Please repeat every record exactly, leaving out any pictures.
---------- Listed records ----------
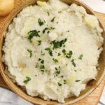 Add the butter, Greek yogurt, minced garlic, salt, and pepper. Mash with a potato masher or use an immersion blender for a smoother consistency.
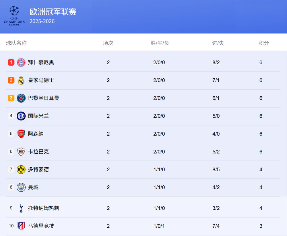 - 拜仁慕尼黑、皇家马德里、巴黎圣日耳曼、国际米兰和阿森纳这五支豪门球队均取得两连胜,积6分领跑积分榜。其中,拜仁客场5-1大胜帕福斯,皇马客场5-0横扫阿拉木图凯拉特,巴黎在客场2-1绝杀巴萨,国米主场3-0完胜布拉格斯拉维亚,阿森纳主场2-0击败奥林匹亚科斯。
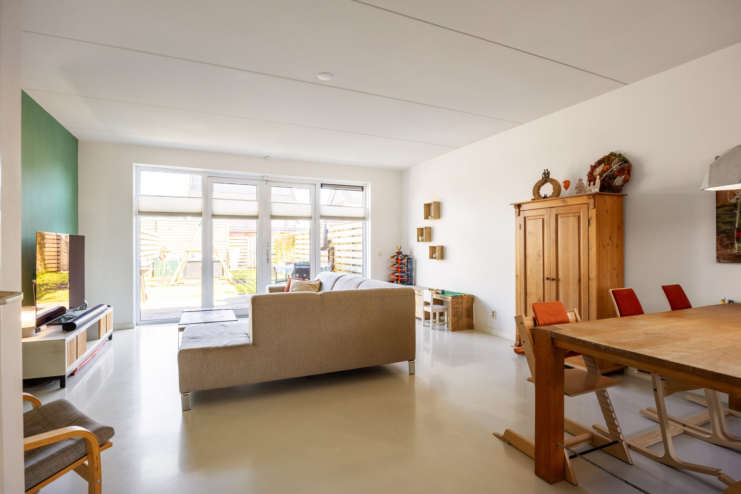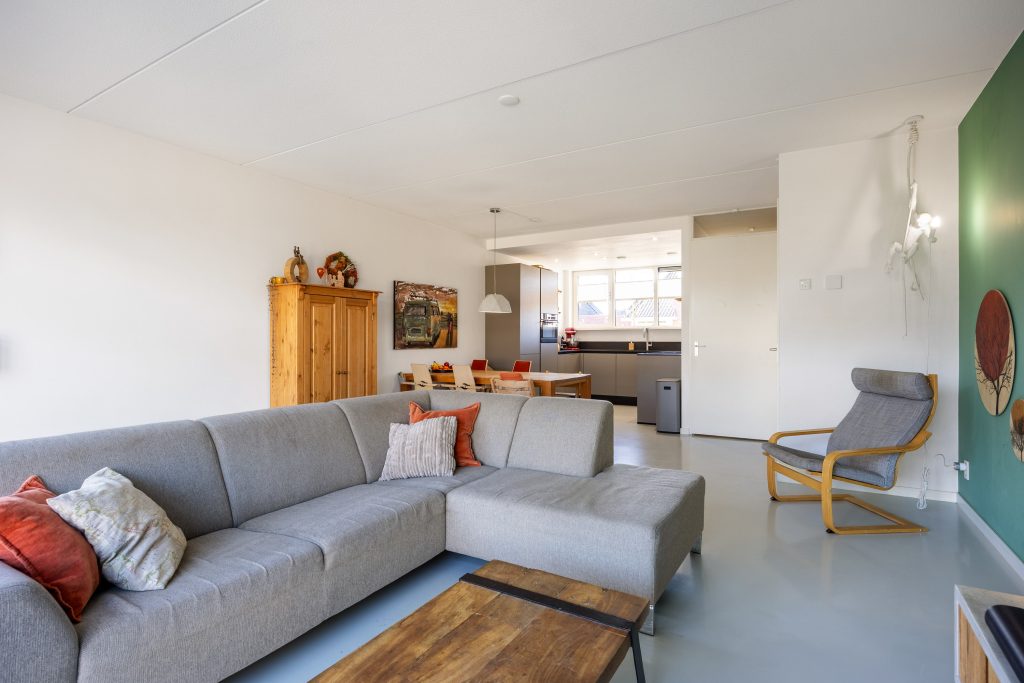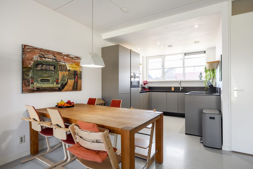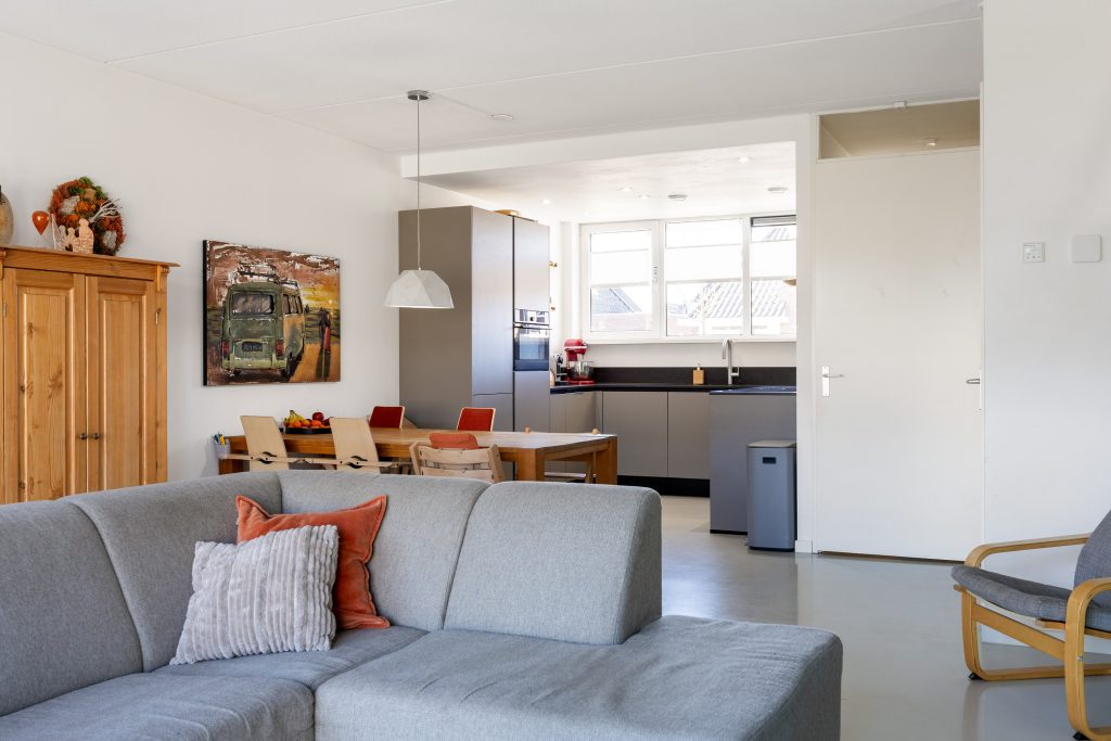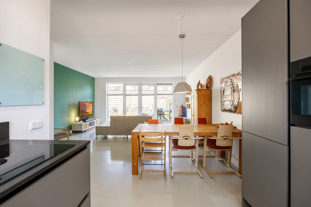 Vanuit de entree/hal met modern toilet, meterkast en trapopgang, kom je in de royale, lichte leefruimte van ruim 40m². Deze heerlijke ruimte bestaat uit een gezellige tuingerichte woonkamer met o.a. openslaande tuindeuren naar het terras en aan de straatzijde de moderne keukeninrichting (2022). De keuken is voorzien van moderne inbouwapparatuur zoals een royale koelkast, ruime vriezer, combi-oven, inductie kookplaat met geïntegreerde afzuiging, Quooker en vaatwasser. De gehele begane grond vloer is voorzien van vloerverwarming.
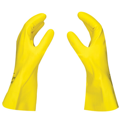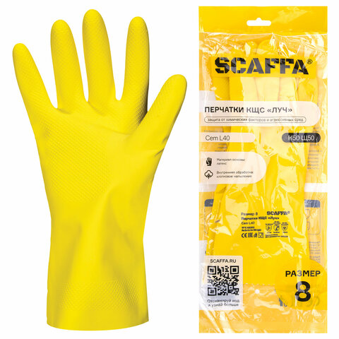 Латексные перчатки от химических воздействий SCAFFA "Луч" КЩС (растворов кислот концентрацией 50%, растворов щелочей концентрацией 50%) с хлопковым напылением, текстурированной рабочей поверхностью. Безопасны для контакта с пищевыми продуктами.
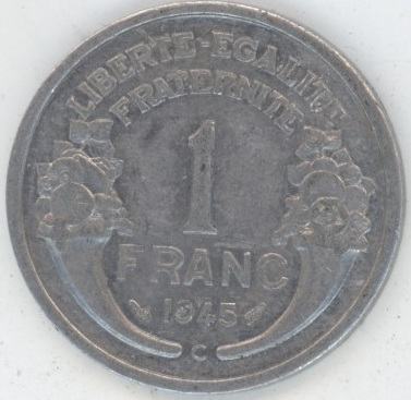 France 1 Franc 1945 C Morlon (ss) Aluminium KM# 885a.3
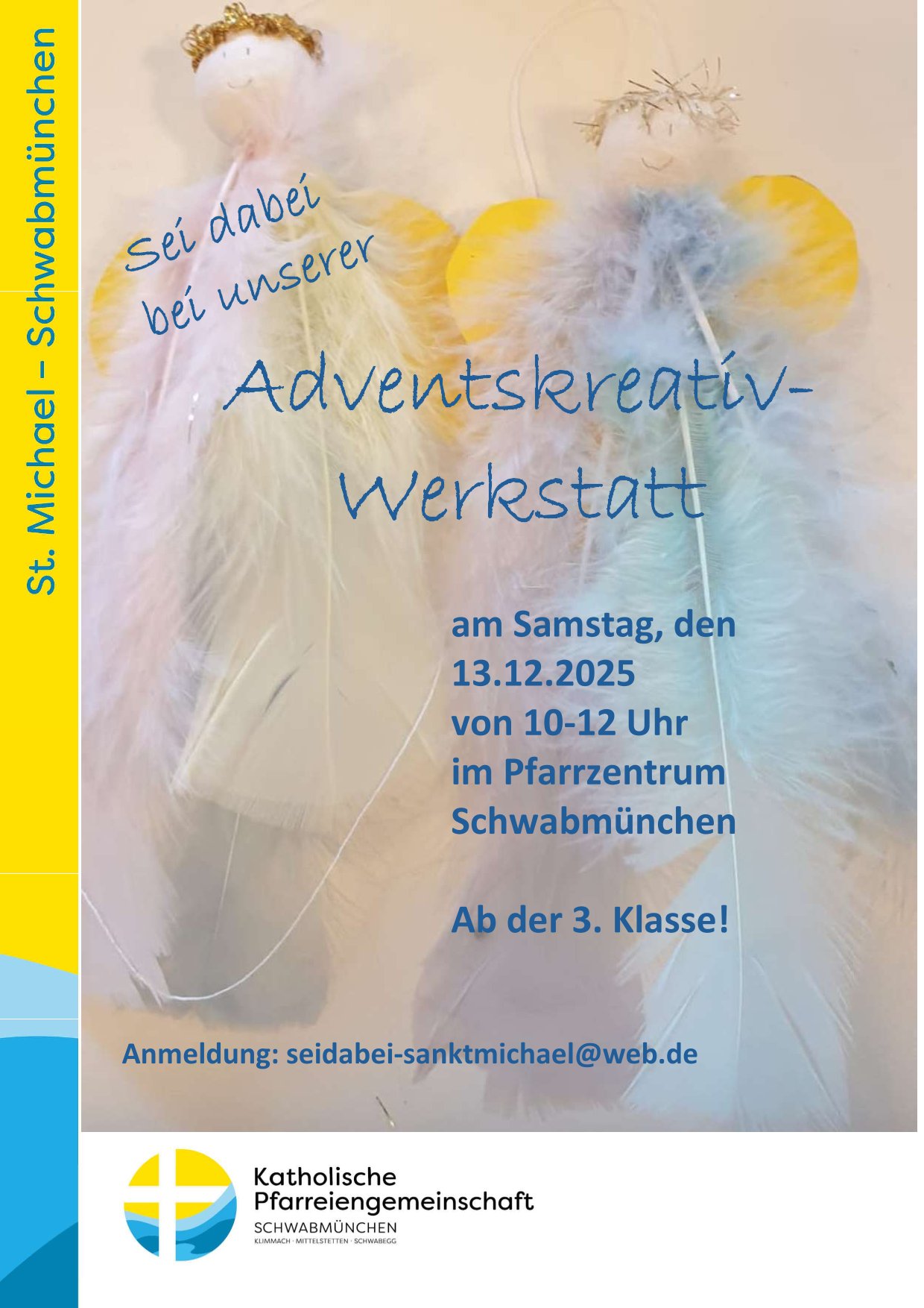 Adventswerkstatt für Kinder am Samstag, 13.12.2025 Posted on Dezember 8, 2025 by Karola Nothofer No comments Categories: Aktuelles, PGTags: advent, Basteln, DIY, Kinder, pfarrei, Pfarrzentrum, werkstatt Glaubensperlen entdecken – Kinderrosenkranz in der Unterkirche am Sonntag, 14.12.2025Kindermette mit Krippenspiel – Weihnachten, 24.12.16:00 Uhr
----------
> **Written answer**:
 Add the butter, Greek yogurt, minced garlic, salt, and pepper. Mash with a potato masher or use an immersion blender for a smoother consistency.
 - 拜仁慕尼黑、皇家马德里、巴黎圣日耳曼、国际米兰和阿森纳这五支豪门球队均取得两连胜,积6分领跑积分榜。其中,拜仁客场5-1大胜帕福斯,皇马客场5-0横扫阿拉木图凯拉特,巴黎在客场2-1绝杀巴萨,国米主场3-0完胜布拉格斯拉维亚,阿森纳主场2-0击败奥林匹亚科斯。
 Vanuit de entree/hal met modern toilet, meterkast en trapopgang, kom je in de royale, lichte leefruimte van ruim 40m². Deze heerlijke ruimte bestaat uit een gezellige tuingerichte woonkamer met o.a. openslaande tuindeuren naar het terras en aan de straatzijde de moderne keukeninrichting (2022). De keuken is voorzien van moderne inbouwapparatuur zoals een royale koelkast, ruime vriezer, combi-oven, inductie kookplaat met geïntegreerde afzuiging, Quooker en vaatwasser. De gehele begane grond vloer is voorzien van vloerverwarming.
 Латексные перчатки от химических воздействий SCAFFA "Луч" КЩС (растворов кислот концентрацией 50%, растворов щелочей концентрацией 50%) с хлопковым напылением, текстурированной рабочей поверхностью. Безопасны для контакта с пищевыми продуктами.
 France 1 Franc 1945 C Morlon (ss) Aluminium KM# 885a.3
 Adventswerkstatt für Kinder am Samstag, 13.12.2025 Posted on Dezember 8, 2025 by Karola Nothofer No comments Categories: Aktuelles, PGTags: advent, Basteln, DIY, Kinder, pfarrei, Pfarrzentrum, werkstatt Glaubensperlen entdecken – Kinderrosenkranz in der Unterkirche am Sonntag, 14.12.2025Kindermette mit Krippenspiel – Weihnachten, 24.12.16:00 Uhr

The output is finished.